[Data extracted from a collection]
==================================================

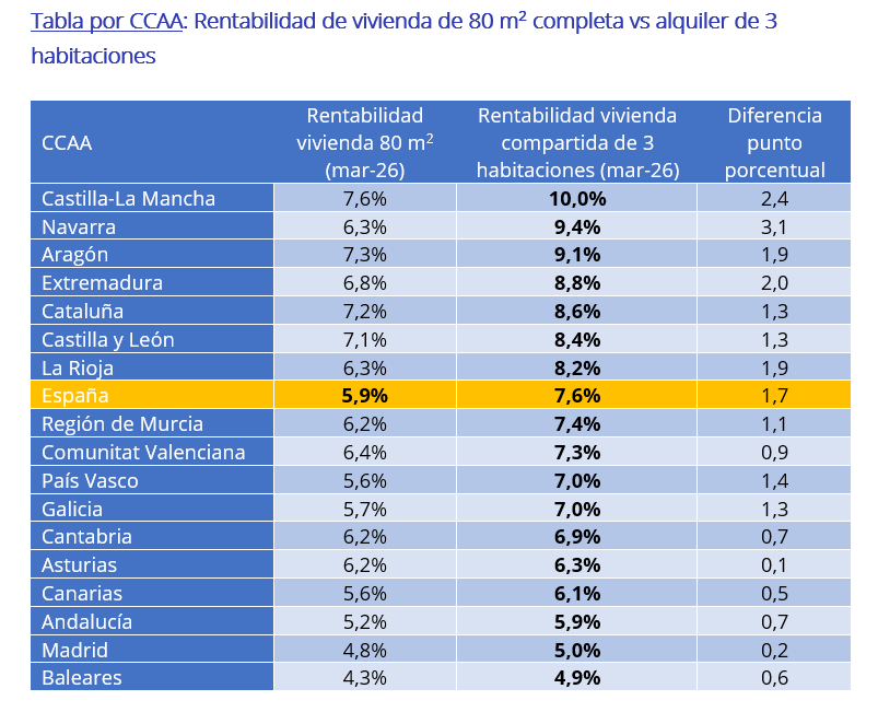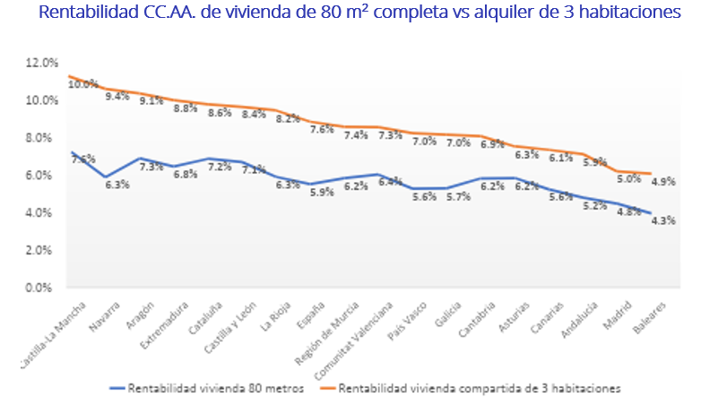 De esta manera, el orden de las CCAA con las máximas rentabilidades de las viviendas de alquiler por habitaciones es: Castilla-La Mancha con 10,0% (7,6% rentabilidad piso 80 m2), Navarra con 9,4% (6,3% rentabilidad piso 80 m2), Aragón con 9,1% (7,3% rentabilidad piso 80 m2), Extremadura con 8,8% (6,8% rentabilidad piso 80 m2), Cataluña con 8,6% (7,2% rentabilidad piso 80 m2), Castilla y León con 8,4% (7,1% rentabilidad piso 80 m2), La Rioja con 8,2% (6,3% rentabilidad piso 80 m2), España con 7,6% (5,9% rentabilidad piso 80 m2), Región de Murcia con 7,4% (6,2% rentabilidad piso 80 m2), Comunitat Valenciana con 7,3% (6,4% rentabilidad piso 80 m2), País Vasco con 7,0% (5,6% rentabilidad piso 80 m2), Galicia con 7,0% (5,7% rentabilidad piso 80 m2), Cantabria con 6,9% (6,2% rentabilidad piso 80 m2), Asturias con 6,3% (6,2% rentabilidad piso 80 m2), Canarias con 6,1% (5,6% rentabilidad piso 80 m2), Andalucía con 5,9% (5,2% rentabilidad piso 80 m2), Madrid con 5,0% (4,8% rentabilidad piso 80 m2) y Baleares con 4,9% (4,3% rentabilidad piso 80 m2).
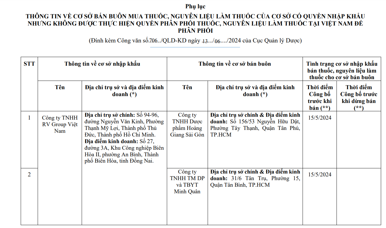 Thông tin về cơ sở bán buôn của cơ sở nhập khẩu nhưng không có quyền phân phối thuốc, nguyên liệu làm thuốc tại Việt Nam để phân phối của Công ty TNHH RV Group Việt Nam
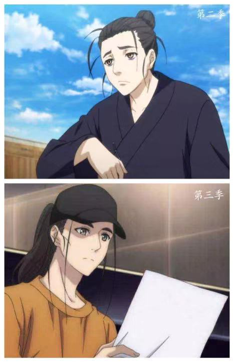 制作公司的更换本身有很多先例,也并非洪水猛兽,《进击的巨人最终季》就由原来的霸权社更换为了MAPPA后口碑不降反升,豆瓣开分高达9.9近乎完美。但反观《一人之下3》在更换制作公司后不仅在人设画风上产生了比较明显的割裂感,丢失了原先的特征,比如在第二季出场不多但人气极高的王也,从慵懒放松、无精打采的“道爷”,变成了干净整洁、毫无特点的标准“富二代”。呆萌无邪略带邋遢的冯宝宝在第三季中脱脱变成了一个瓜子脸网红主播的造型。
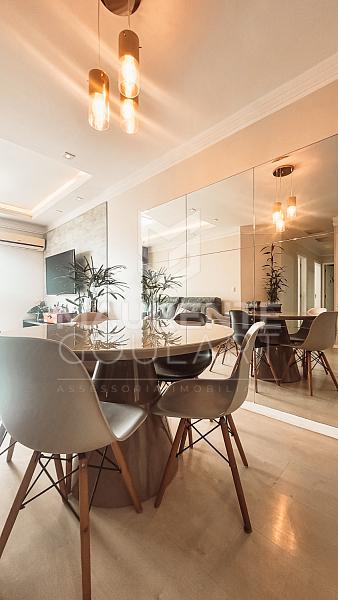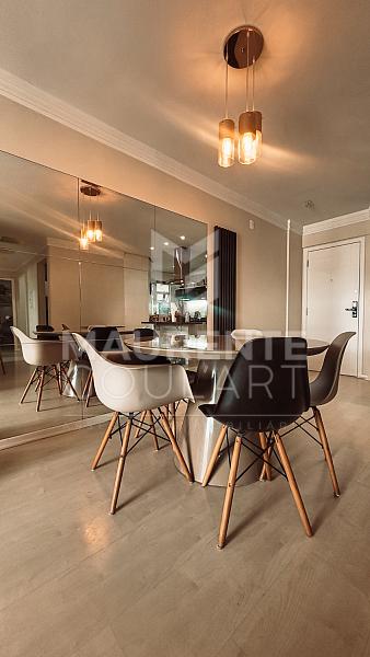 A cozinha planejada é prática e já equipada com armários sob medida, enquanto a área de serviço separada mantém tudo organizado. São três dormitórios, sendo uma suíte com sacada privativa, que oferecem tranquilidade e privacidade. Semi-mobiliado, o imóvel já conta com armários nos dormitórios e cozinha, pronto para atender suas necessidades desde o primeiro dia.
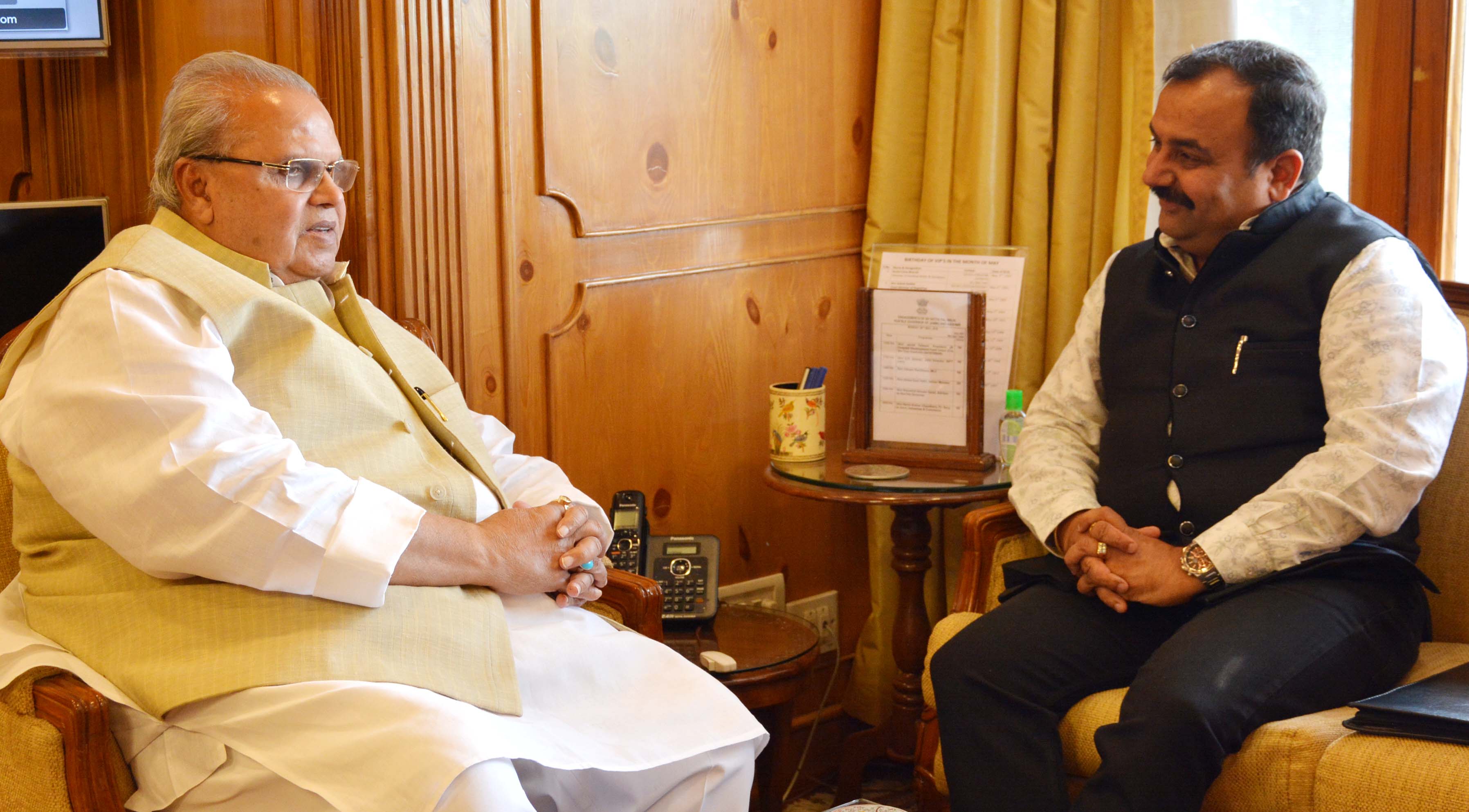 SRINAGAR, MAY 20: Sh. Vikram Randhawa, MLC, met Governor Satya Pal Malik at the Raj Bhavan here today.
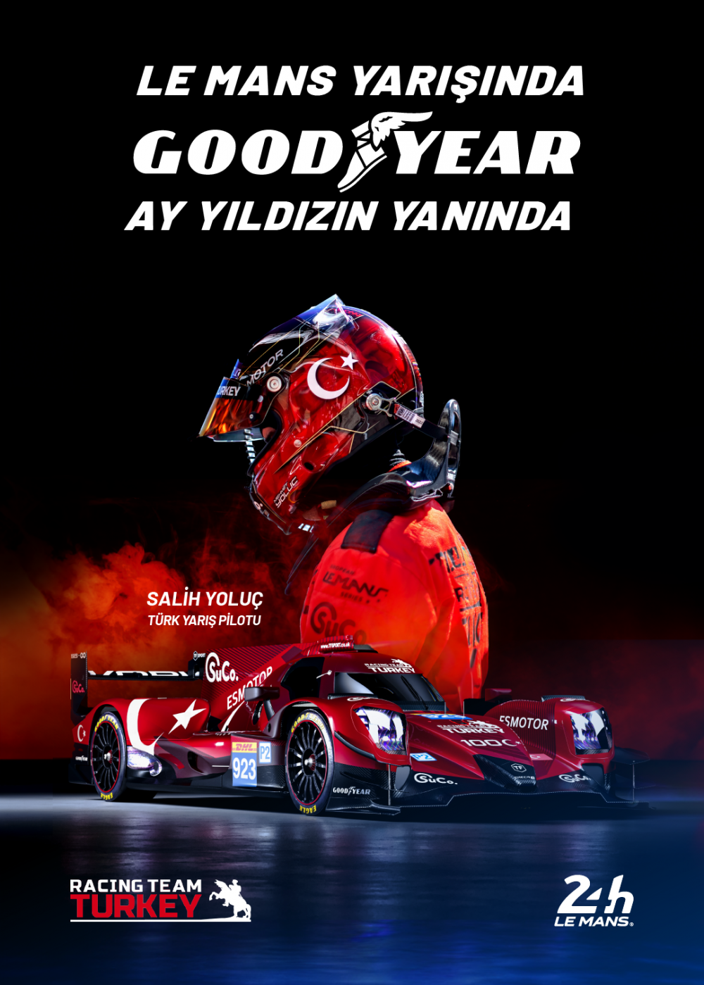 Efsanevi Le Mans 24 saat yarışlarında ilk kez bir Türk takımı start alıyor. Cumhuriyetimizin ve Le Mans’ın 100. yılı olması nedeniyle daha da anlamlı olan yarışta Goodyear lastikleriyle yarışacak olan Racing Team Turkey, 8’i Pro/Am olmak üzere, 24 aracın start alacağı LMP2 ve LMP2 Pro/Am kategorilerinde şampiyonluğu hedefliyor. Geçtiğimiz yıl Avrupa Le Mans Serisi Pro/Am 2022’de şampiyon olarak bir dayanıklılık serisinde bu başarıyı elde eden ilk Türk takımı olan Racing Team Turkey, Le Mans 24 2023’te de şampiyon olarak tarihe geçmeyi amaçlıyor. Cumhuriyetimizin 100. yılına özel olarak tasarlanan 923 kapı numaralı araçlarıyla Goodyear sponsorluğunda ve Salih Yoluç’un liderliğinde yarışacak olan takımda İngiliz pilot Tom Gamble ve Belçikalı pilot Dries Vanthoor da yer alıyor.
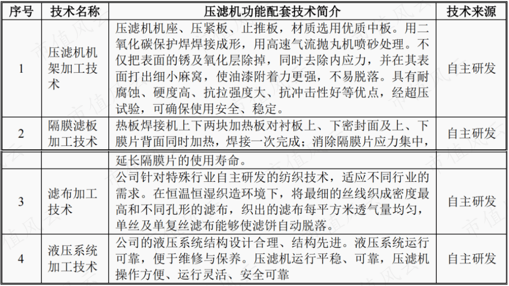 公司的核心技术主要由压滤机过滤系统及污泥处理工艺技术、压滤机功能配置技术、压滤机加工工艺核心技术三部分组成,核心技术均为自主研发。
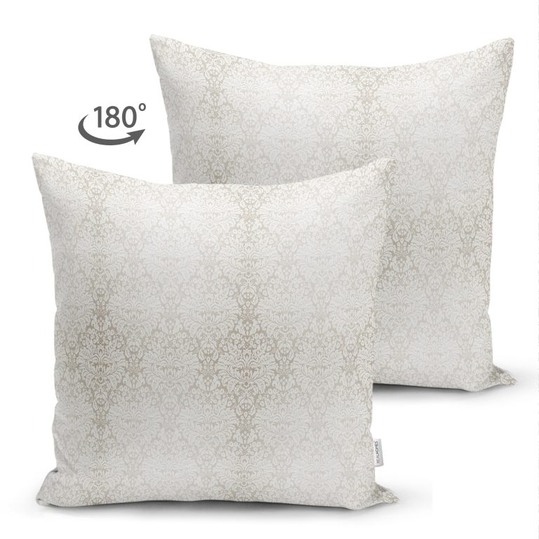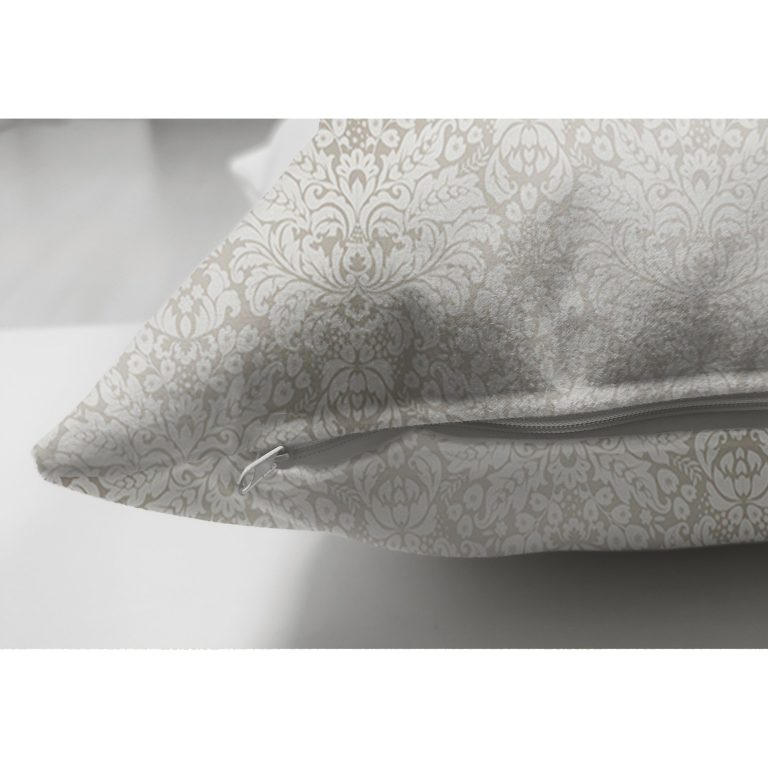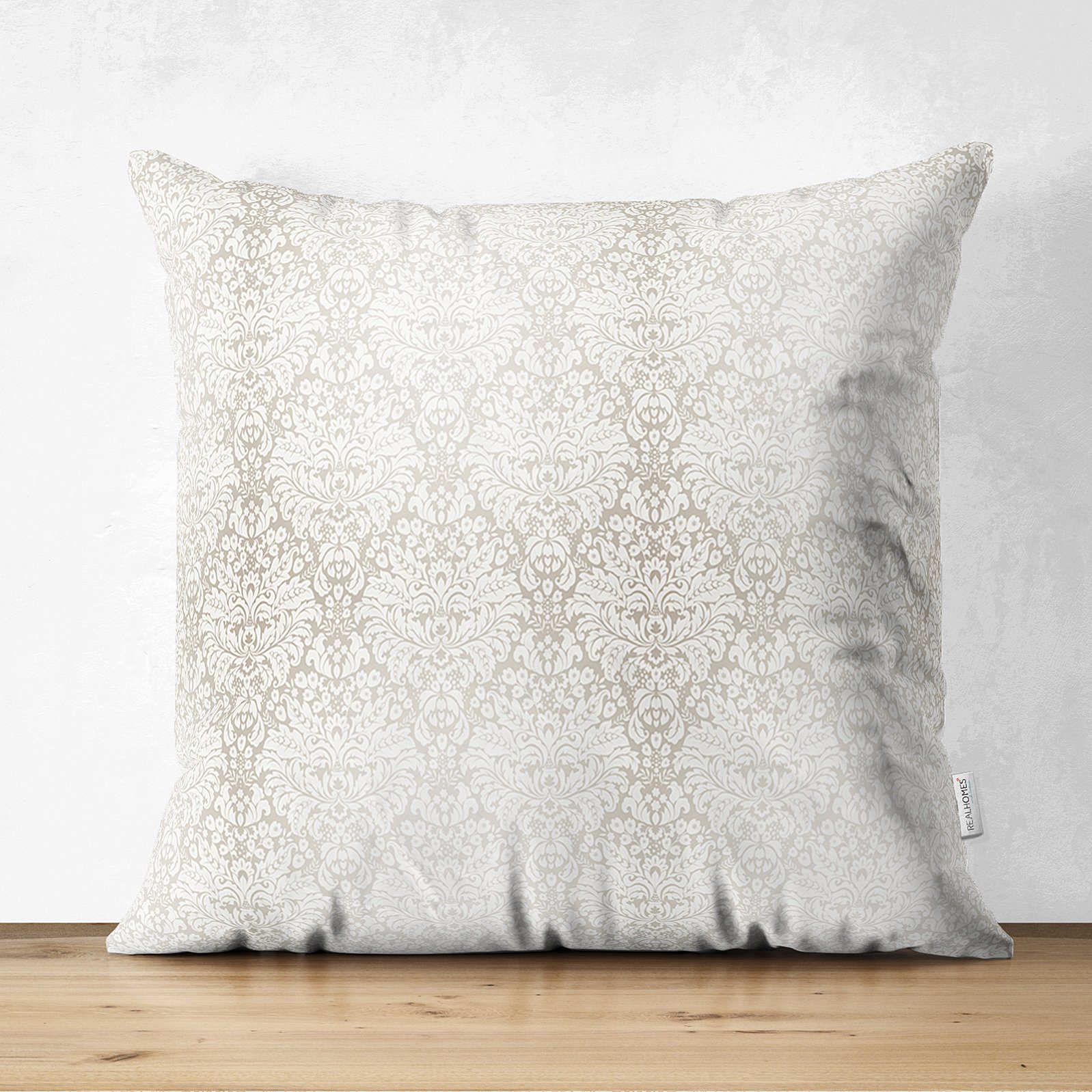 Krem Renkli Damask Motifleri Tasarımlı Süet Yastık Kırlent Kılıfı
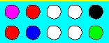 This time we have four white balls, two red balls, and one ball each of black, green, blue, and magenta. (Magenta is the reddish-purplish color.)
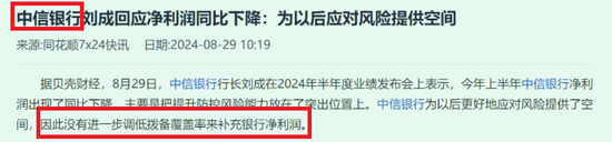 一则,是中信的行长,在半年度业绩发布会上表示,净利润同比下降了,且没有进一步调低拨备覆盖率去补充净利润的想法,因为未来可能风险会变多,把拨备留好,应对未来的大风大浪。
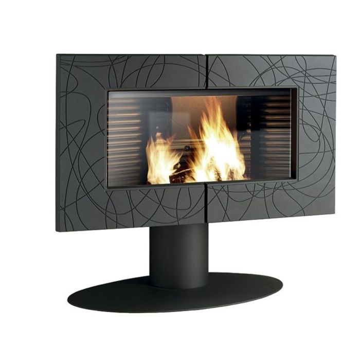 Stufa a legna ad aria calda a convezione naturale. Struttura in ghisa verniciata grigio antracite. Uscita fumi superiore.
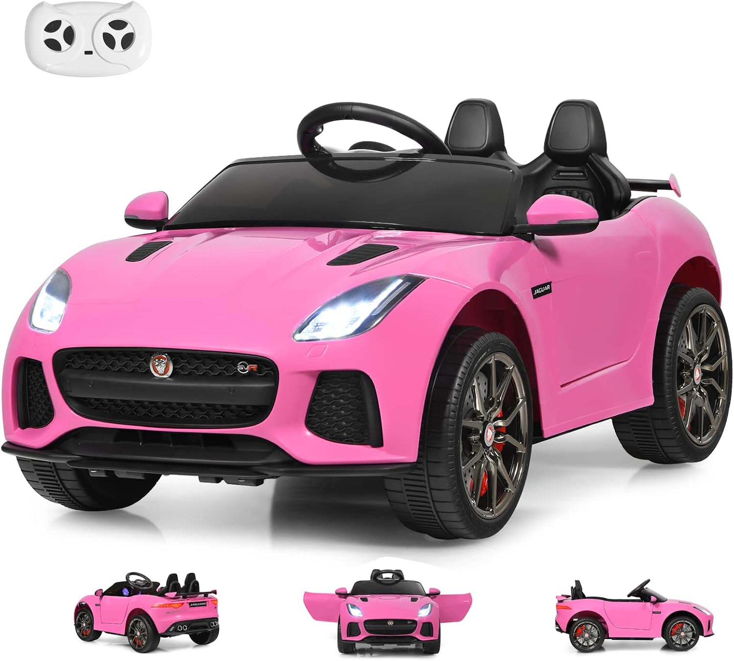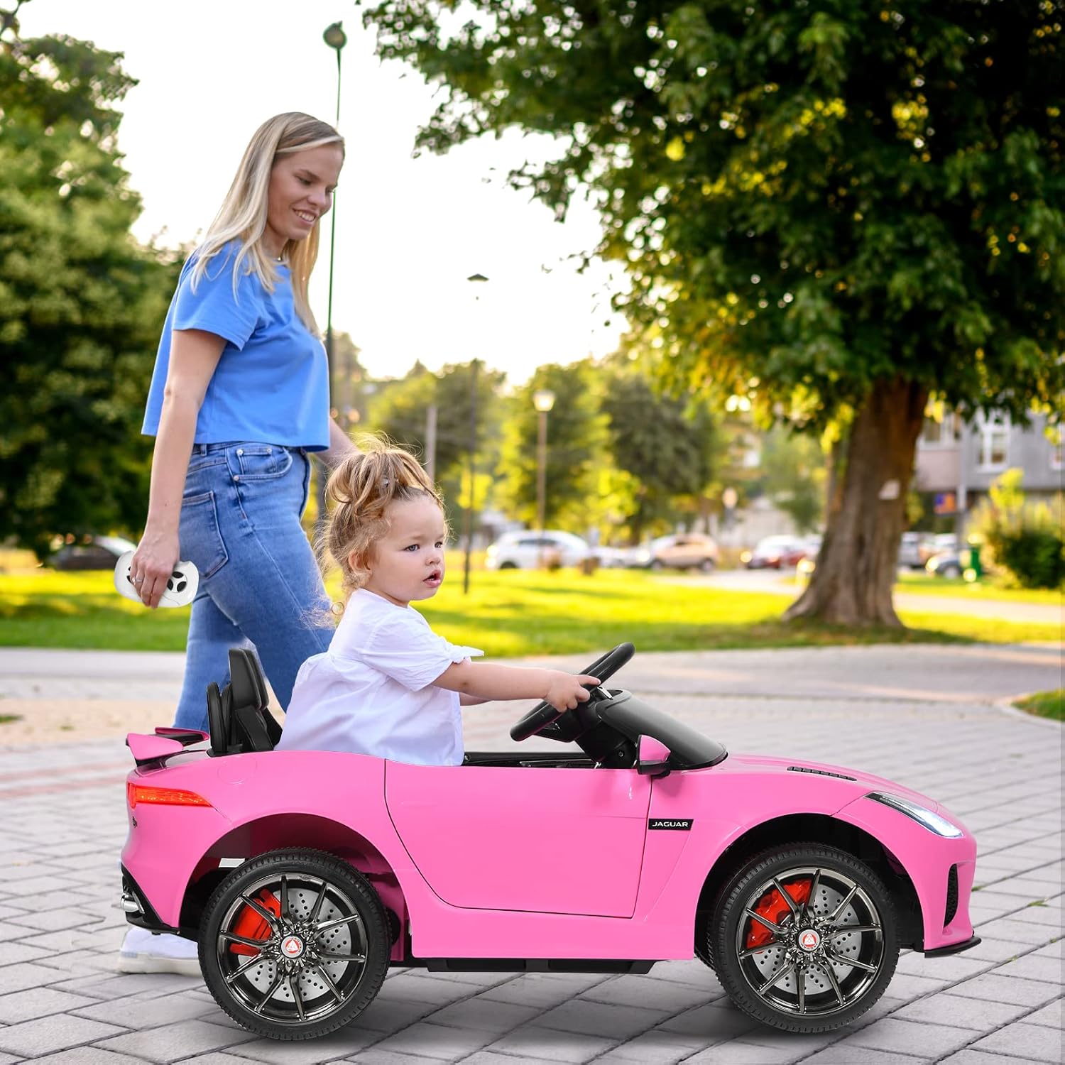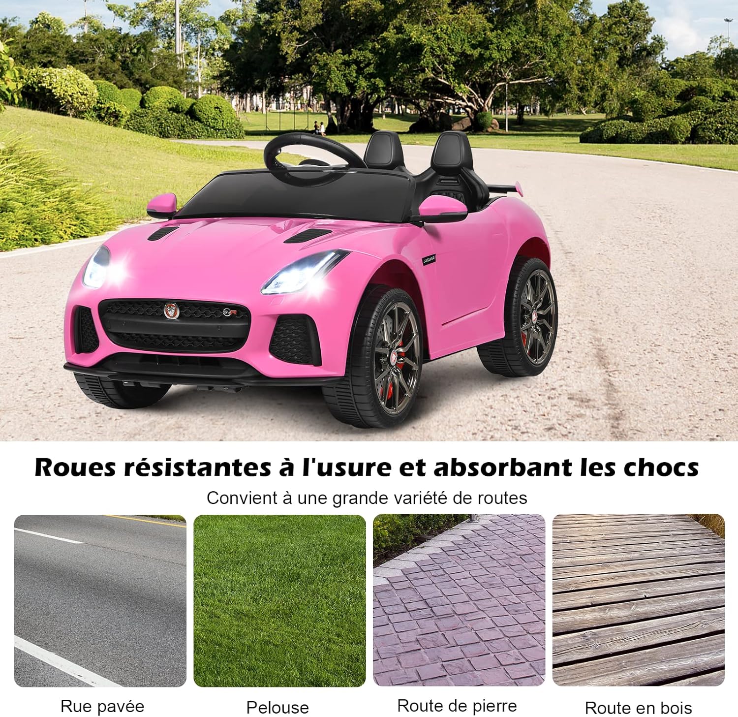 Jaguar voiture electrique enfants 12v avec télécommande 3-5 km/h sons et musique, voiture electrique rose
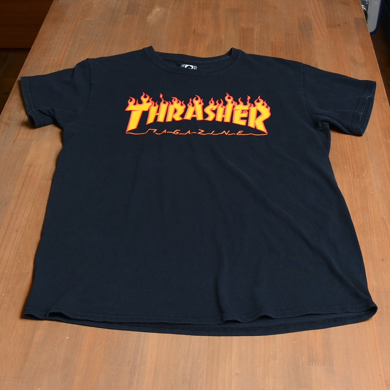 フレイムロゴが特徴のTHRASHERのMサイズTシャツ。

==================================================

Begin at the line that contains "Krem Renkli Damask" and transcribe exactly, and only, each line through the final line of the data above, both included; the pictures do not go in.

Result for this exercise →
 Krem Renkli Damask Motifleri Tasarımlı Süet Yastık Kırlent Kılıfı
 This time we have four white balls, two red balls, and one ball each of black, green, blue, and magenta. (Magenta is the reddish-purplish color.)
 一则,是中信的行长,在半年度业绩发布会上表示,净利润同比下降了,且没有进一步调低拨备覆盖率去补充净利润的想法,因为未来可能风险会变多,把拨备留好,应对未来的大风大浪。
 Stufa a legna ad aria calda a convezione naturale. Struttura in ghisa verniciata grigio antracite. Uscita fumi superiore.
 Jaguar voiture electrique enfants 12v avec télécommande 3-5 km/h sons et musique, voiture electrique rose
 フレイムロゴが特徴のTHRASHERのMサイズTシャツ。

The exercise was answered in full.